I've had the rare good fortune to work with a funny and competent business consultant at my job. Last week he loaned me a book that I've long wanted to read. I thought that Parkinson's Lawby C. Nortcoate Parkinson was a serious, number-filled MBA academic book. It is, rather, a thin book of hilarious essays that use statistics and formulae that only appear to verify the theories which are accurate prima fascia, no math required.
Parkinson's Law states that an organization will grow at a steady state regardless of the amount of work to be performed. His famous example comes from a study of the British Navy. From 1918 to 1928, the number of ships in the Navy decreased from 62 to 20, officers and men decreased 31.5%, dockyard workers increased 9%, while Dockyard officials and clerks increased 40.28% and Admiralty officials increased 70.45%.
Who cares if the numbers are real; who has not observed the law in real life? At the university, where it is not easy to get funding for new positions, people simply hire more student employees, using money budgeted for equipment.
Or who hasn't observed the Law of Triviality: time spent on any item on an agenda will be in inverse proportion to the sum (of money) involved. This law derives from the fact that for decisions that will result in the expenditure of very large sums of money, the participants in the decision are required to understand the details of choices. Those who actually understand the details of a project are not invited to participate in the decision making, and the decision is made on the recommendation of one manager at the table who understands the issue slightly more than the others.
But my favorite part of the book is about a substance called "injelitance:"
The first sign of danger is represented by the appearance in the organization’s hierarchy of an individual who combines in himself a high concentration of incompetence and jealousy. Neither quality is significant in itself and most people have a certain proportion of each. But when these two qualities reach a certain concentration—represented at present by the formula I3J5 [I-cubed by J to the fifth]—there is a chemical reaction. The two elements fuse, producing a new substance that we have termed "injelitance." The presence of this substance can be safely inferred from the actions of any individual who, having failed to make anything of his own department, tries constantly to interfere with other departments and gain control of the central administration. The specialist who observes this particular mixture of failure and ambition will at once shake his head and murmur, "Primary or idiopathic injelitance." The symptoms, as we shall see, are quite unmistakable.
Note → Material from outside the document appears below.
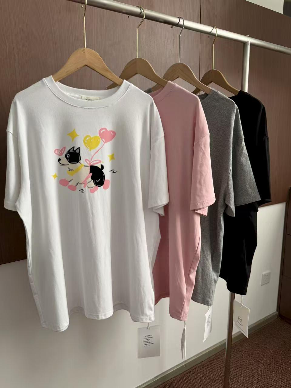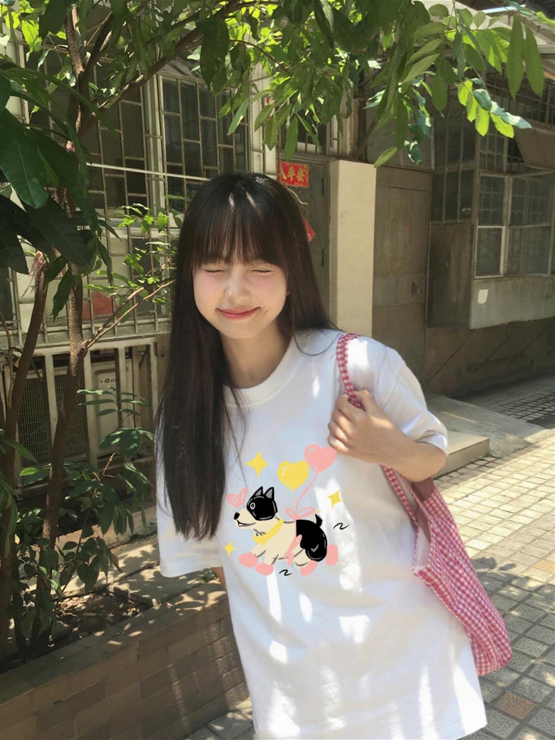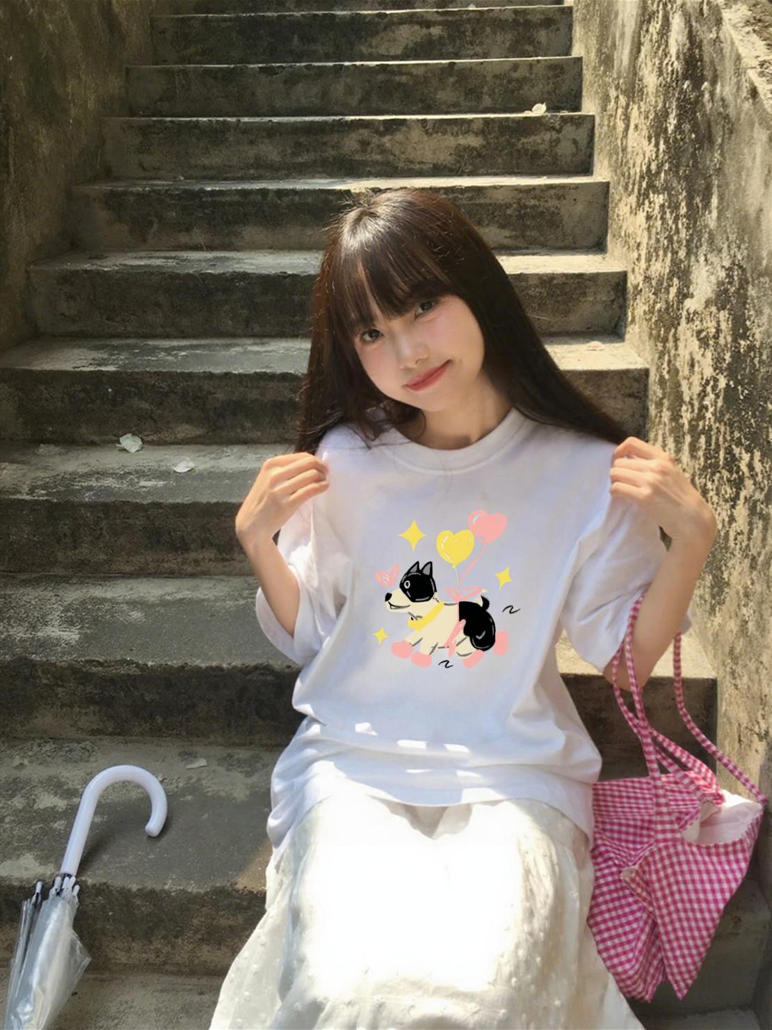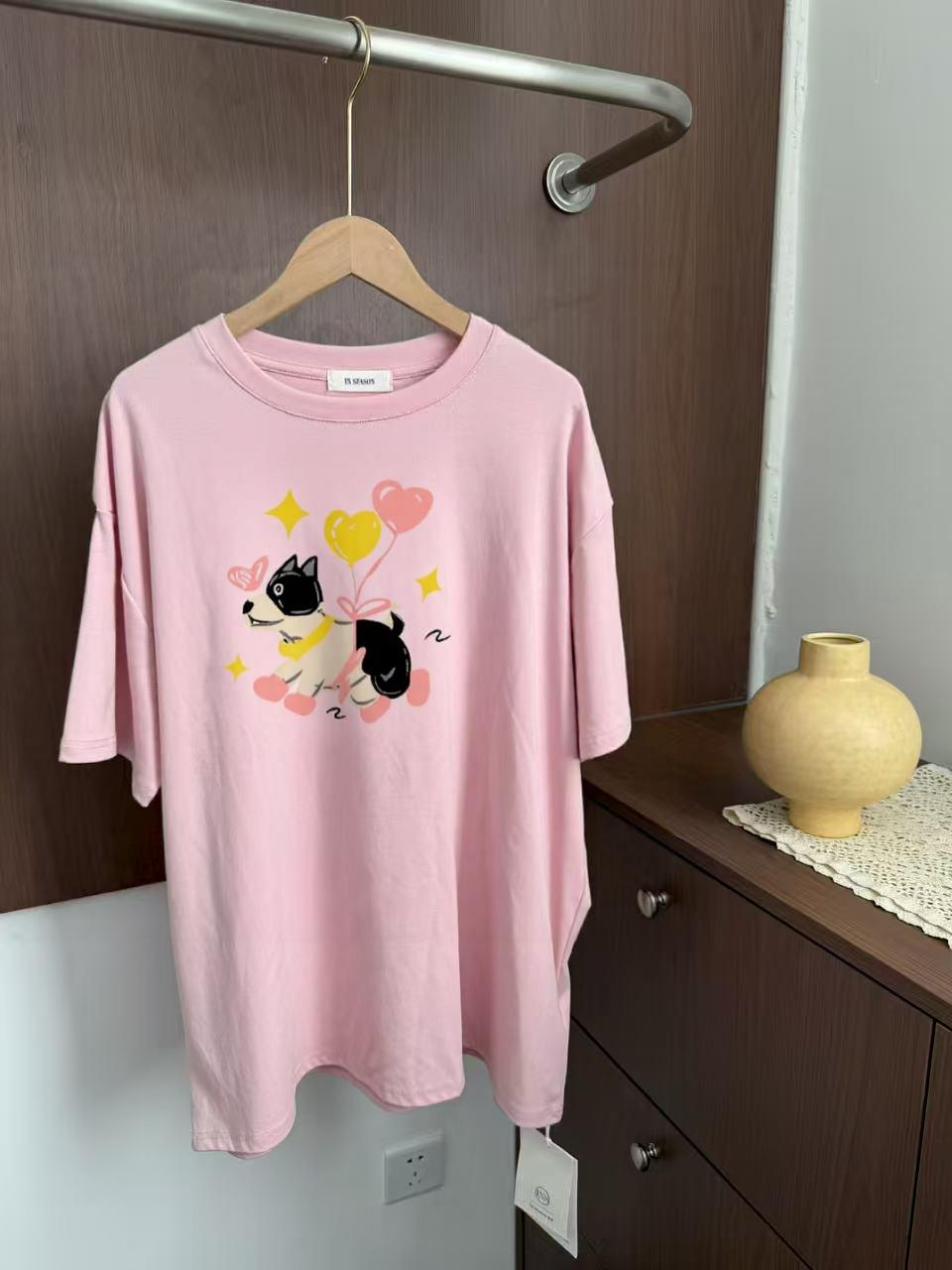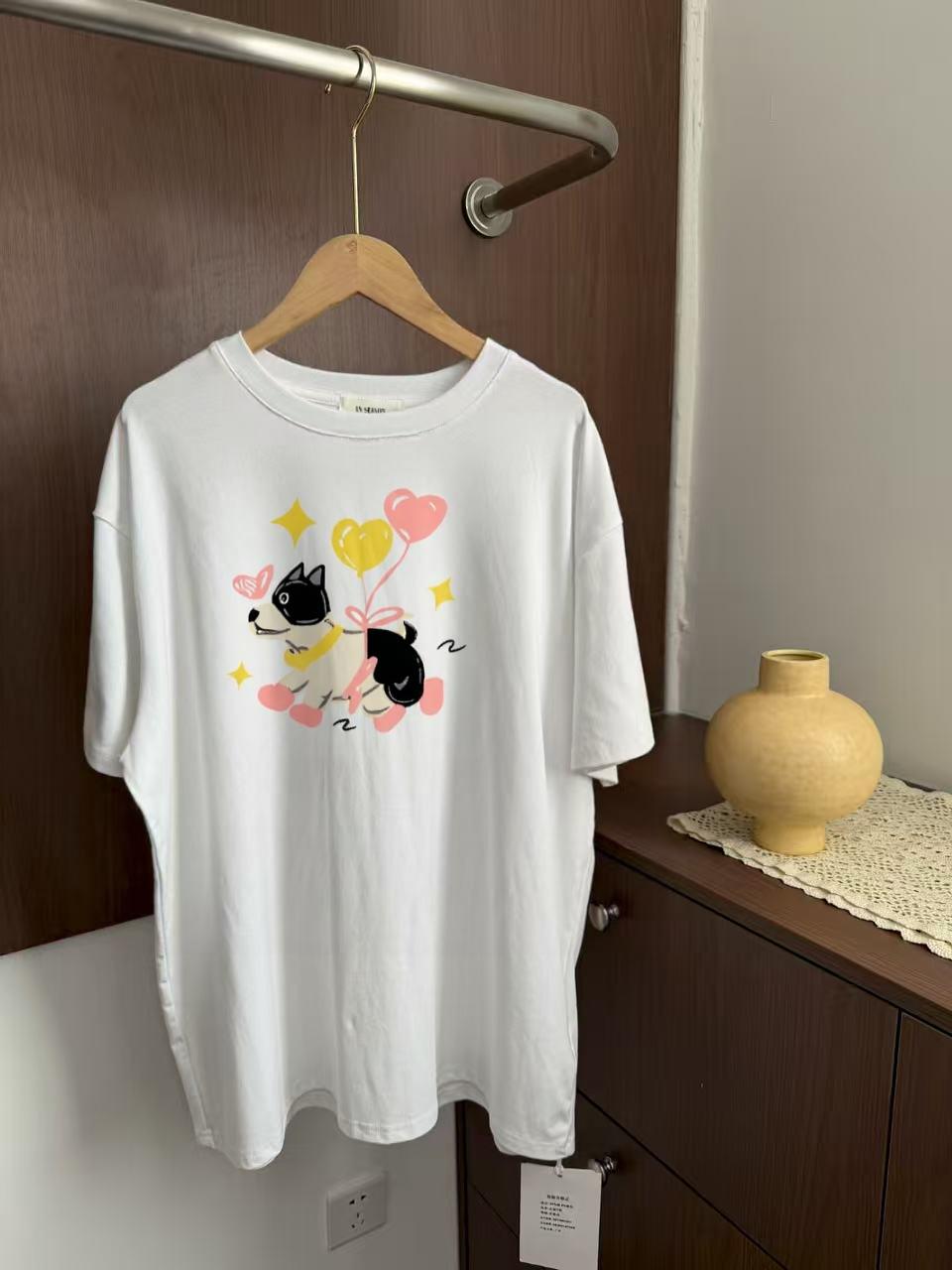 【C7127】清新減齡小狗氣球印花寬鬆圓領多色系可選百搭顯瘦短袖T恤

The next or secondary stage in the progress of the disease is reached when the infected individual gains complete or partial control of the central organization. In many instances this stage is reached without any period of primary infection, the individual having actually entered the organization at that level. The injelitant individual is easily recognizable at this stage from the persistence with which he struggles to eject all those abler than himself, as also from his resistance to the appointment or promotion of anyone who might prove abler in course of time. He dare not say, ‘Mr Asterisk is too able,’ so he says, ‘Asterisk? Clever, perhaps—but is he sound? I incline to prefer Mr Cypher.’ He dare not say, ‘Mr Asterisk makes me feel small,’ so he says, ‘Mr Cypher appears to me to have the better judgement.’ Judgement is an interesting word that signifies in this context the opposite of intelligence; it means, in fact, doing what was done last time. So Mr Cypher is promoted and Mr Asterisk goes elsewhere. The central administration gradually fills up with people stupider than the chairman, director, or manager. If the head of the organization is second-rate, he will see to it that his immediate staff are all third-rate; and they will, in turn, see to it that their subordinates are fourth-rate. There will soon be an actual competition in stupidity, people pretending to be even more brainless than they are.